Может, всё к лучшему в этом лучшем из миров (Вольтер), не мог Паша допустить, принять позорное ослепление сына, который легкомысленно, решительно, окончательно, кощунственно, цинично, мистически раззадорился, одебелился на стремительное, лихое грехопадение, да Паша еще ничего не знал, видать, предчувствовал, что ягодки впереди, ушел, ускользнул в инсульт от правды, шестым чувством уловил какая Катя воплощенная сволота, окончательно ничего не узнает, не воспримет, у нас ситуация проглядывает, сугубая, совсем поганая, жуткая, тут такое, немыслимое, волосы дыбом встают, еще славное коленце будет выкинуто, и Паша, особенно в свете историософского плана, который он осуществил с такой целеустремленной энергией, последовательностью, чистотой и смелостью, оказался бы всеобщим посмешищем, а из этого неукоснительно следует, что инсульт своевременен! ловко ускользнул в инсульт от жизни, ее экстравагантных фокусов, дневное сознание заволокла тьма, несусветная тьма и пустота увенчали все духовные порывы.
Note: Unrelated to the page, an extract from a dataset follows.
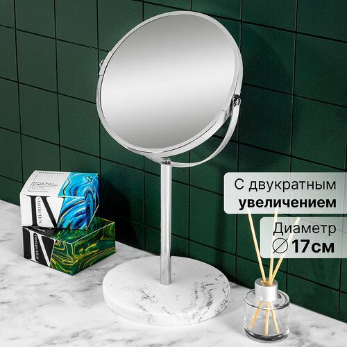 НАЙТИ ВЫГОДНЕЕ - Зеркало настольное двустороннее на мраморной подставке 18,5х15х34,5 см El Casa Хром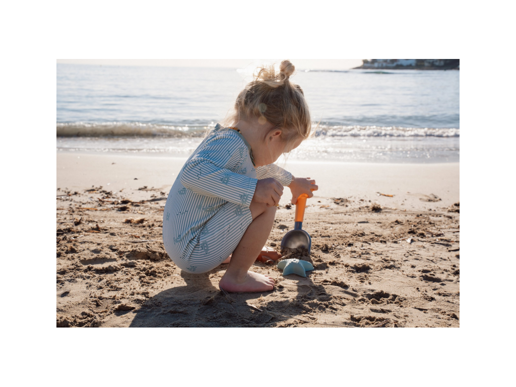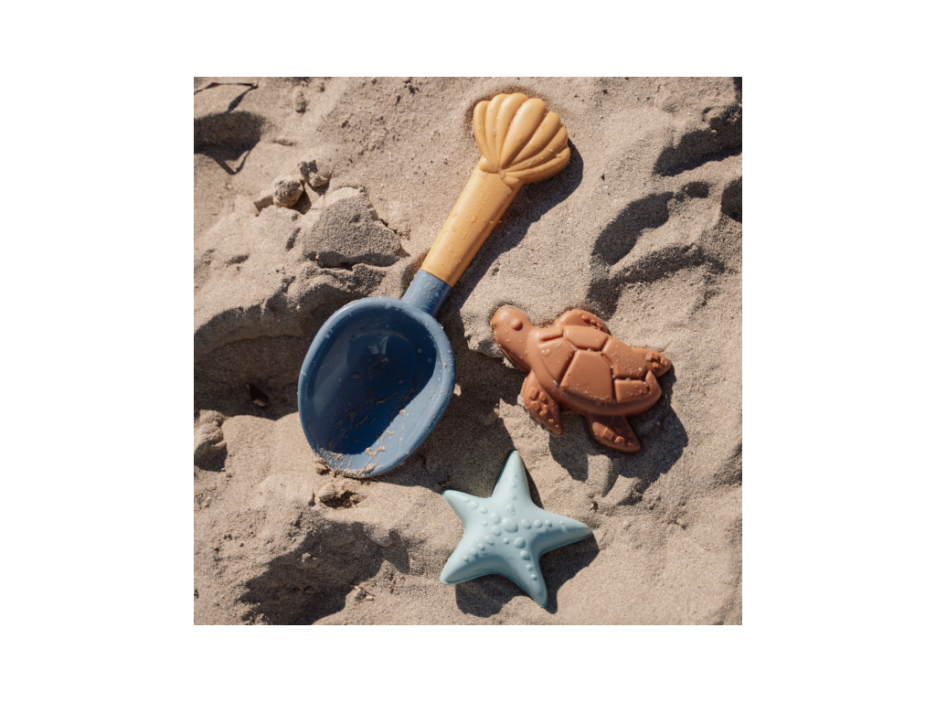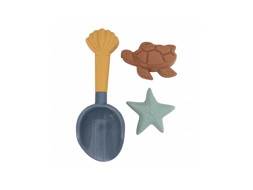 Sada na piesok s motívmi života na mori sa bude deťom hodiť doma na záhrade aj pri mori na pláži. Sadu tvorí lopatka a dve formičky v kvalitnom prevedení z pevného plastu.

Не лицо теперь у Паши, а какая-то маска, громадная, шире лица, голубой рыбий тухлый реалистический глаз на ней и очень самоуверенная, оскорбительная для всего живого и разумного, торжествующая, счастливая улыбка, под себя спокойно, уверенно делает, не потому что встать не может и пластом лежит, а так, просто так, такой приказ мозга, все мы когда-то будем делать под себя. А ведь счастлив, такое впечатление, что архисчастлив! недолго осталось быть счастливым, скоро концы отдаст, на смерть нет управы, oна бестактна, не сентиментальничает, поминай, как звали, смерть ждет его легкая, совсем нечувствительная и безболезненная, для него самого незаметная, тихо перейдет в иной мир, скорей бы! а на Святой Руси Илюша что-то там зубрит, горюшка мало, что у родителя с гениальной головкой плохо, тьма навсегда заволокла гениальные мозги, Катя, Катя всему виной, не мир, но меч, Я пришел разлучить человека с отцом его (Мф. 10. 34, 35)! воплощенный миазм эта Катя, интенсифилирующий губительные яды; паршивец зубрит старательно, втихаря, бесшумно, в тайне от посторонних глаз, память молодая, запомнить ничего не стоит, а знать назубок надо, исповедую едино крещение во оставленное грехов, чаю воскресения мертвых и жизни будущего века.